1 Linde K., Clausius N., Ramirez G., Melchart D. Eitel F., Hedges LV., Jonas WB: Are the clinical effects of homeopathy placebo effects? A meta-analysis of placebo-controlled trials. Lancet 1997; 350: 834-843

2 Die Jadad-Skala, in vielen Publikationen auch als Jadad Score oder Oxford-Skala bezeichnet, ist ein einfaches Bewertungsschema (Tool), um die Qualität klinischer Interventionsstudien zu analysieren.

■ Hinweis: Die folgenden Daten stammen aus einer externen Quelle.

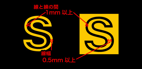 線幅が極端に細いものや線と線の幅が極端に狭いものは上手くプリントがされなかったり、線と線の間がインクで潰れてしまったりしてしまう可能性があります。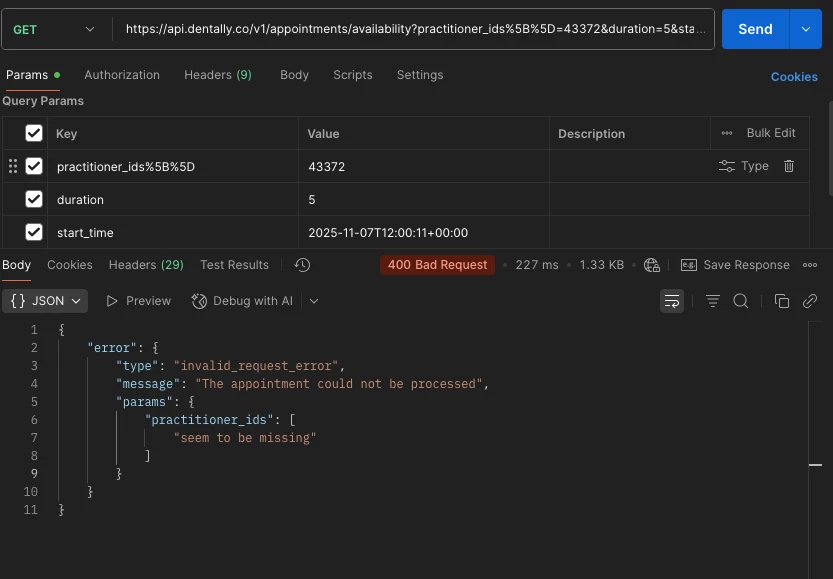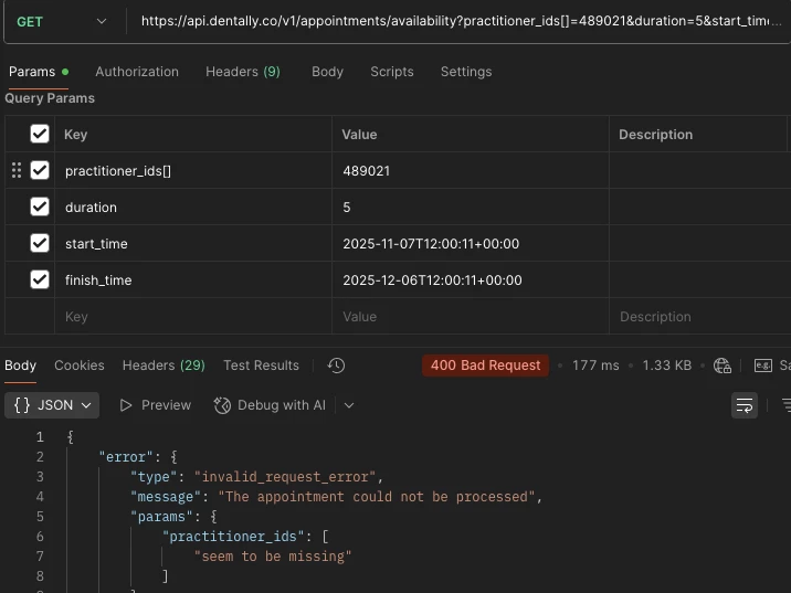 When sending an API request for practitioner appointment availability, I get the error below.

3 Ernst E.: Are highly dilute homeopathic remedies placebos? Perfusion 1998; 11:291

4 Erst E., Pittler MH.: Re-analysis of previous meta-analysis of clinical trials of homeopathy. J. Clin Epidemiol 2000; 53:118

5 Cucherat M., Haugh MV., Gooch M., Boissel J.P; Evidence for clinical efficacy of homeopathy. A meta-analysis of clinical trials, Eur J Clin Pharmacol 2000; 56:27-33

6 Shang A., Huwiler-Münterer K., Nartey L, Jüni P., Dörig S., Sterne JA., Egger M: Are the clinical effects of homeopathy placebo effects? Comparative study of placebo-controlled trials of homeopaty and allopathy. Lancet 2005; 366:726-732

7 Ein Funnel Plot ist eine Grafik, die es ermöglicht einen Verdacht auf Publikationsbias im Rahmen einer Metaanalyse zu überprüfen. Ein Hauptproblem des Funnel Plot ist, dass es als sehr einfaches Hilfsmittel nicht die Qualität der eingeschlossenen Studien erfasst. Sollten Studien mit höherer Präzision tatsächlich andere Ergebnisse produzieren, als solche mit niedriger, so ergäbe sich ein falscher Eindruck von Publikationsbias. Diese Kriterien müssen folglich vom Analysierenden selbst überprüft werden. Auch kann es vorkommen, dass sich Publikationen zu einem Thema nicht auf eine einzige Zahl reduzieren lassen, da beispielsweise die Auswahl der Versuchspersonen (Geschlecht, Altersstruktur, …) oder andere Umstände unterschiedlich ausfallen können.